On Wed, 02 Mar 2005 08:52:04 +0100, Piotr Gasiorowski
<gpiotr@...> wrote:

>On 05-03-01 20:26, Miguel Carrasquer wrote:
>
> >> [Andrew Jarrette:]
>>> Thanks for your illumination on this topic. You seem to know
>>> everything about everything. What a coincidence that you are right
>>> now working on an article on the pronunciation of /r/ in Old
>>> English. I would love to read it. The conclusion I draw from what
>>> you have said is that /r/ was probably always variable in its
>>> pronunciation, and one cannot say what the archetypal pronunciation
>>> was. But I will definitely read that article by J. Catford in
>>> which he debunks the "myth" of the original trill. But I still
>>> wonder why English is the only modern Indo-European language with
>>> an approximant, non-vibrational /r/ (as far as I know, that is)
>>
>>
>> Also Armenian, I think.
>
>Actually, there are accents of English with trilled or tapped
>realisations of /r/ at least in some positions, so English as a
>dialectal complex isn't entirely without them. On the other hand, there
>are other IE languages with approximant/fricative rhotics (standard
>French is one!), or with a contrast between two rhotic phonemes, e.g.
>tap or approximant vs. a trill (Albanian, Spanish, Armenian). Widely
>different realisations of /r/ can be found in dialects of German,
>Danish, Portuguese, etc., etc., etc. (not to mention idiolectal
>deviations from the norm, which are especially frequent in the case of
>rhotics and are a never-drying source of potential innovations -- see
>the recent spread of labiodental /r/ in England).
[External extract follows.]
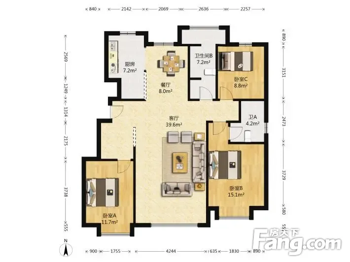 3室1厅2卫

English is not as
>special as it might seem.

MCV >Even the peculiar affrication of initial tr- is not unique
>to English. The country of Chile was named after the
>Araucanian (Mapundungu) word Trile. In Chilean Spanish, tr-
>is affricated as in English (perhaps an effect of the
>Araucanian substrate), and -rr- [also in Argentina, PerĂº] is
>an alveolar fricative (much more friction than in English,
>more like Czech <r^> but usually without vibration of the
>tongue). In some Caribbean variants of Spanish, -r- becomes
>/l/. In Puerto Rico ([pwelto Xiko]), /r/ = /l/ and /rr/ is
>usually a uvular fricative (tending to voiceless).

Uvular fricative as a realization of /rr/ is present also in various
Portuguese variants (even in standard Lisboa dialect). In many dialects of
Brasil the uvular fricative has changed to a plain _h_. Also, the devoicing
of /r/ can be very interesting and different in various languages.